Крестный с пылающим лицом говорил мне:
— Какая досада, что нет Шовеля! Вот был бы рад!
Обернувшись, я вдруг увидел, что он стоит позади нас вне себя от изумления.
— Все это вы устроили! — сказал он крестному Жану.
— Да, я! — радостно ответил крестный.
— Ваш поступок меня не удивляет, — проговорил Шовель, пожимая ему руку. — Вас-то я знаю давно. Зато я поражен и обрадован тем, что католики выбирают кальвиниста. Народ отметает старые предрассудки. И он добьется победы!
Люди медленно продвигались вперед и, сделав петлю, по двое входили в большой зал. И вот я увидел, что все обнажили головы перед прево Шнейдером; это был человек лет пятидесяти, в черной мантии, окаймленной белым, с шапочкой на голове и саблей на боку. Советники и синдики в черных одеждах, с черным шарфом на шее сидели ступенью ниже. Позади них на стене висело распятие.

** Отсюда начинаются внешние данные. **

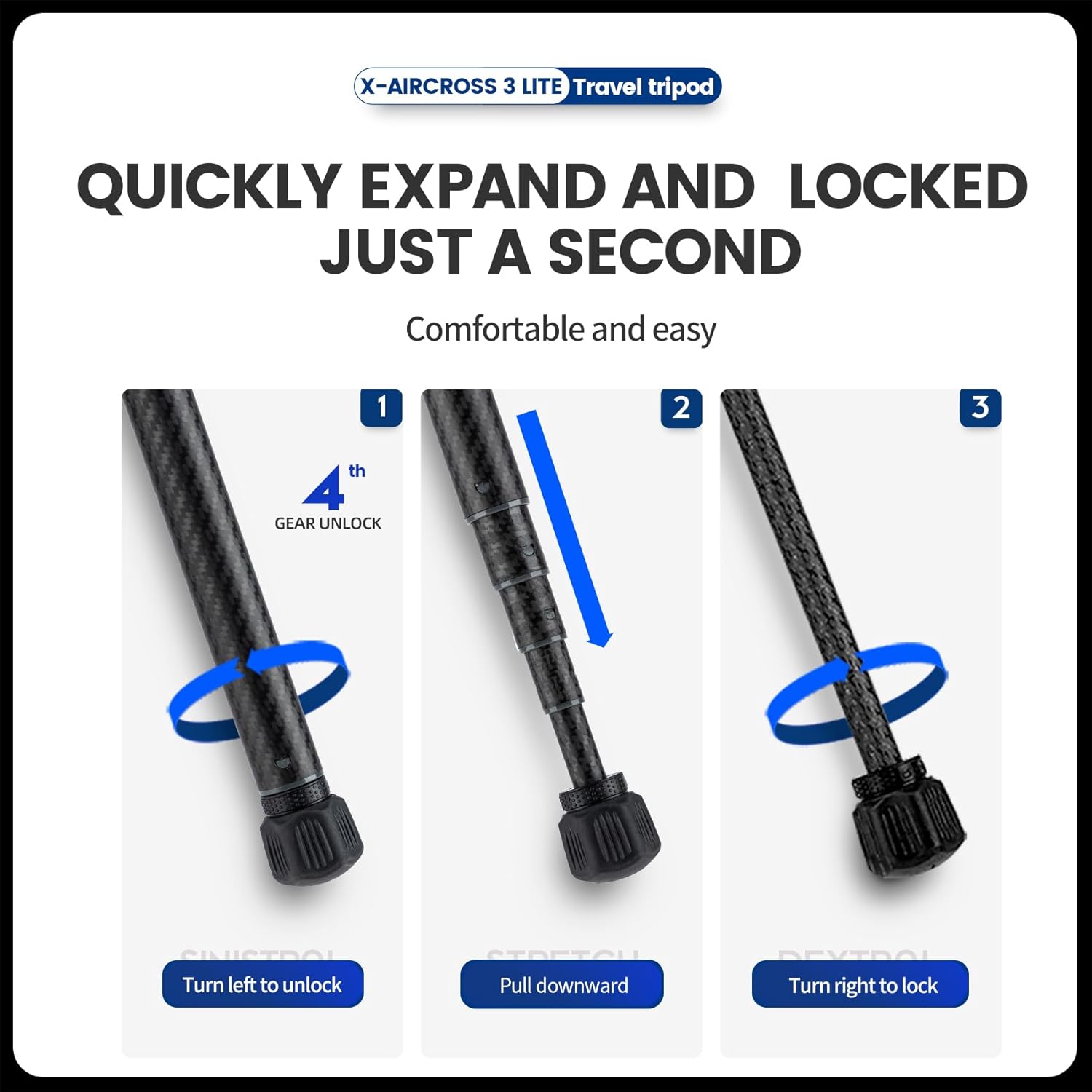 - 【Schnelle Erweiterung】: Das Fotopro X-Aircross 1 Kohlefaser-Stativ-Fussrohr ist mit einem patentierten Schnellverriegelungssystem ausgestattet, das das Stativ in einer Sekunde erweitert und die wunderbaren Momente schnell festhalten kann.
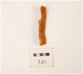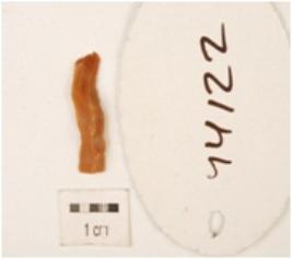 | Description / विवरण | Fragment of blade chert object, use wear marks, triangular section, ridge and flake scars on dorsal side surface, platform and bulb defussed. |
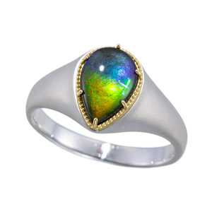【24号】パラジウムシルバー950/K18YG アンモライト(トリプレット) リング
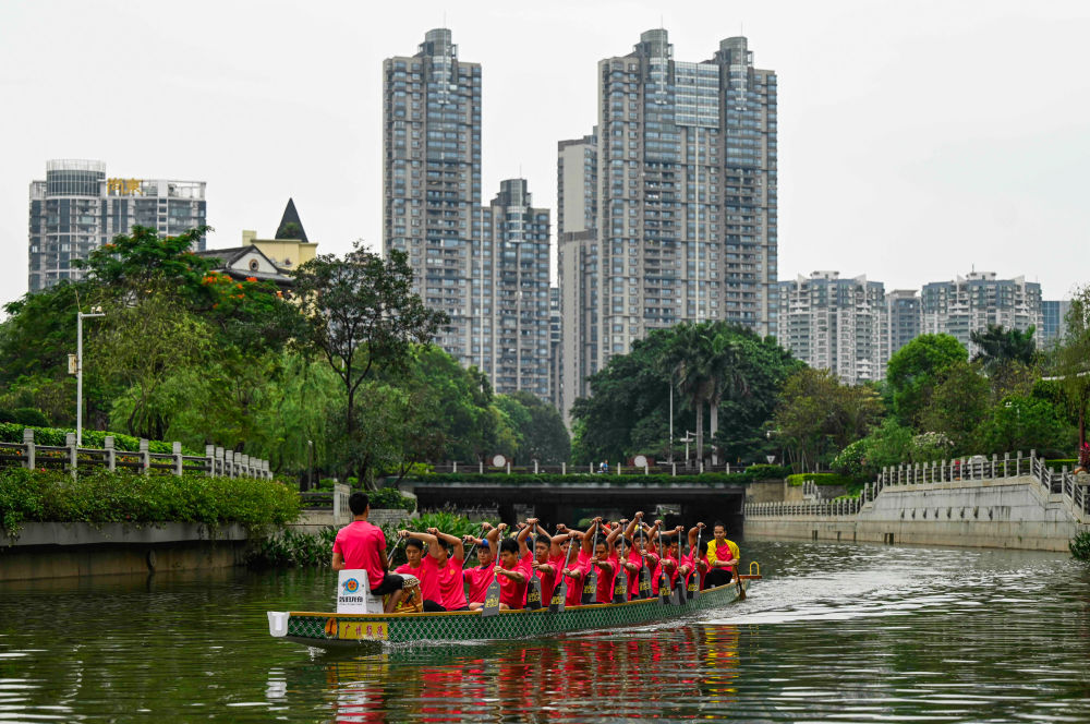 位于广州CBD的猎德村村民进行龙舟训练,备战端午龙舟赛(2023年5月8日摄)。新华社记者 刘大伟 摄
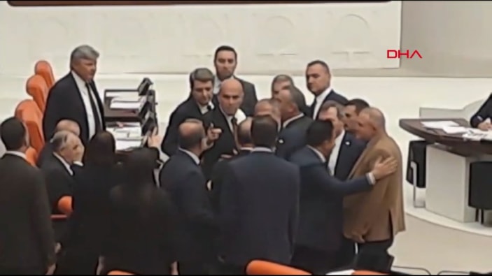 Diğer partililer araya girerek tansiyonu düşürmeye çalışırken, kısa süreli tartışma yaşandı.

Вот и все, что я запомнил.
Один за другим, как удары часов, раздавались имена Жана Леру и Матюрена Шовеля. Первым назвал Никола Летюмье и Шовеля дядюшка Жан. Его узнали, и г-н прево улыбнулся. Первым назвал Жана Леру и Летюмье — Шовель, и его тоже узнали, но г-н прево, знавший его издавна, не улыбнулся, а помощник прево — Дежарден наклонился и прошептал что-то ему на ухо.
Я отошел вправо — ведь я еще не мог подавать голос.
Шовель, крестный Жан и я вышли вместе. С большим трудом мы снова пробились сквозь толпу, вновь поднялись на площадь, куда только что пришли жители Миттельброна. Нам пришлось пройти задами, под навесом старого рынка. Тут Шовель с нами распростился, сказав:
— До вечера в Лачугах. Там поговорим.
У него еще остались книжки для продажи.
Крестный Жан и я вернулись домой одни, погруженные в раздумье. Люди расходились, вид у всех был усталый, но радостный. Некоторые выпили лишнего, пели и размахивали руками, шагая по дороге. Отец и Валентин пришли очень поздно: вряд ли бы мы их быстро нашли, если б стали искать.
В тот же вечер после ужина Шовели, как всегда, пришли в харчевню «Три голубя». Шовель вынул из кармана объемистую пачку бумаг. Это были речи, которые нынче утром перед выборами произнесли в большом зале ратуши господин прево и его помощник, и постановление о явке в бальяж духовных лиц, дворян и представителей третьего сословия. Речи были прекрасные, и дядюшка Жан удивился — ведь люди, говорившие такие хорошие слова, пользовались у нас плохой славой. Шовель ответил, усмехаясь, что в будущем нужно установить такой порядок, чтобы слово не расходилось с долом. Эти господа теперь увидели, что народ стал посильнее, и заигрывают с ним. Но нужно, чтобы и народ понял свою силу и воспользовался ею, тогда справедливость восторжествует.
Глава двенадцатая
А теперь я расскажу вам о том, о чем всегда думаю с умилением, — о счастье всей моей жизни.
Но прежде надо вам сказать, что наши земляки, которых выбрали, чтобы составить наказ, изложить в нем наши жалобы и нужды, собрались в апреле в Ликсгеймском бальяже. Жили они там на постоялых дворах. Крестный Жан и Шовель отправлялись туда в понедельник утром, а возвращались только в субботу вечером — так продолжалось три недели.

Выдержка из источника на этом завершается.